Ishai survived the biopsy, but his tumor was inoperable. He died at home on June 17, 2018, at 71 — one month after plans to expand the business he started with 180 pounds of yellow star thistle honey, solidified with the purchase of a parcel of land off Interstate 5 in Woodland. 

The property, just under 3 acres, will allow the company to double its warehouse space to 20,000 square feet and bring its cold storage in-house. The old-guard fans and heaters at its current warming room will be replaced with heated floor tiles that warm honey from below — meaning faster heating at lower temperatures for an even higher-quality product. It will include a tasting room, event space, fruit orchard and pollinator garden — a memorial to Ishai.

Josh hopes to host film screenings and live shows and work with organizations like Yolo Farm to Fork and Davis Farm to School to educate youth and the public on healthy ecosystems for pollinators. Ultimately, he hopes to build a second building from which he can rent space to a meadery and restaurant. “We really want to be a destination spot,” he says, “and showcasing the big picture is really going to be impactful.” 
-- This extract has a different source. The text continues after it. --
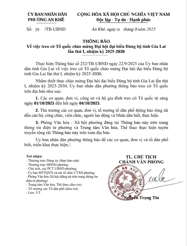 Thông báo số 29/TB-UBND ngày 25/9/2025 của UBND phường An Khê Về việc treo cờ Tổ quốc chào mừng Đại hội đại biểu Đảng bộ tỉnh Gia Lai lần thứ I, nhiệm kỳ 2025-2030

Though Ishai wasn’t able to be as big a part of the expansion as he would have liked, he informed the process as much as he could. Josh says his father’s typically rough exterior softened in the months before he died. 

“To see him transition physically, mentally and spiritually, in those last couple of months and be there with him was really life-changing,” Josh says. “I want to bring that type of pure love to my everyday and not wait until my last few months. I want to really create positive connections, and one way I can do that is through my business.”

Amina describes herself as the intermediary between two visionaries, her son and her husband, filling in holes and doing her best to keep the peace whenever the men in her life butted heads. As his health declined, she says, Ishai found himself able to fully embrace their son’s leadership role and entrust that the business was in safe hands. 

“Every day I realize that we’ve got this business that Ishai really had a vision for, but he didn’t have the full picture,” she says. “Josh is completing the picture.”

She scans the shelves of honey, in search of a particular jar of orange blossom. She notes that this is supposed to be a good year for the yellow star thistle variety. “We haven’t had one for many years.”